* GIVEN DATA
++++

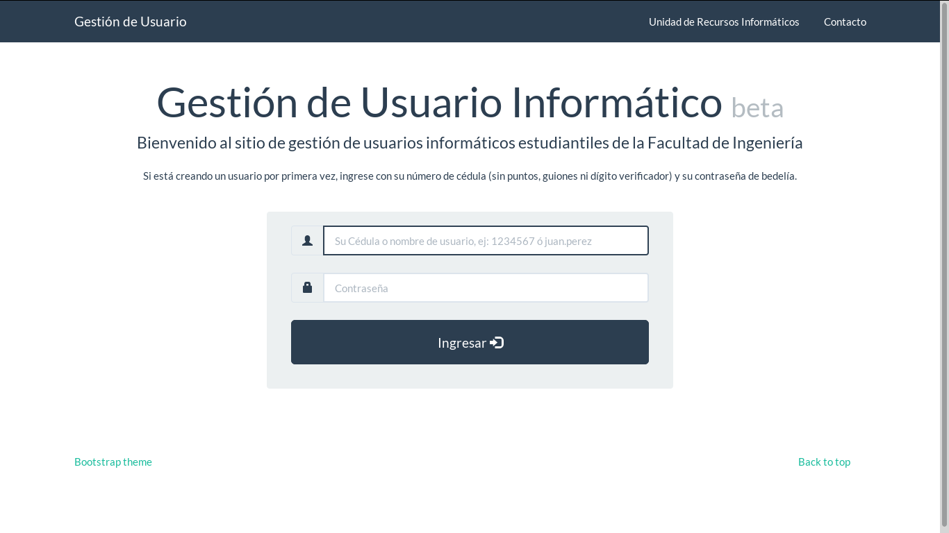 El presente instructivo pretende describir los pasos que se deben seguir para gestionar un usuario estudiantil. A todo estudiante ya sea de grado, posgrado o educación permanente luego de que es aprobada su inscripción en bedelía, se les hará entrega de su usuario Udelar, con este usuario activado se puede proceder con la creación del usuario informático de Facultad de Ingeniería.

++++

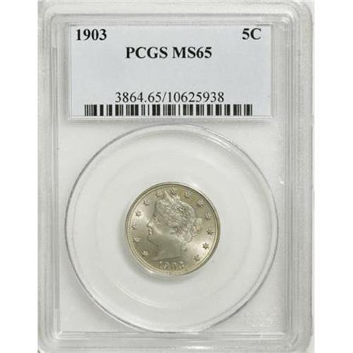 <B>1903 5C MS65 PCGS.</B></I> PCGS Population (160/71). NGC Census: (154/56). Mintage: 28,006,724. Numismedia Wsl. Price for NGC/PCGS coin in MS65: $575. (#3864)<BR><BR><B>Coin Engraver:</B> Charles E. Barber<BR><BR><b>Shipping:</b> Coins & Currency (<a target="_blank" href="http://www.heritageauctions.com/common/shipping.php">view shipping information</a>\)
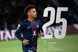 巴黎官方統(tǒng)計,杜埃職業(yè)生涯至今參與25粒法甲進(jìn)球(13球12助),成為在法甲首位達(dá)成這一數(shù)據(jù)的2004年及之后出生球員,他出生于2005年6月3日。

++++

* AIM OF THE TASK
Reproduce the lines above beginning at the line that contains "<B>1903 5C MS65" and ending at the line that contains "巴黎官方統(tǒng)計,杜". No pictures.

* FINISHED EXERCISE
 <B>1903 5C MS65 PCGS.</B></I> PCGS Population (160/71). NGC Census: (154/56). Mintage: 28,006,724. Numismedia Wsl. Price for NGC/PCGS coin in MS65: $575. (#3864)<BR><BR><B>Coin Engraver:</B> Charles E. Barber<BR><BR><b>Shipping:</b> Coins & Currency (<a target="_blank" href="http://www.heritageauctions.com/common/shipping.php">view shipping information</a>\)
 巴黎官方統(tǒng)計,杜埃職業(yè)生涯至今參與25粒法甲進(jìn)球(13球12助),成為在法甲首位達(dá)成這一數(shù)據(jù)的2004年及之后出生球員,他出生于2005年6月3日。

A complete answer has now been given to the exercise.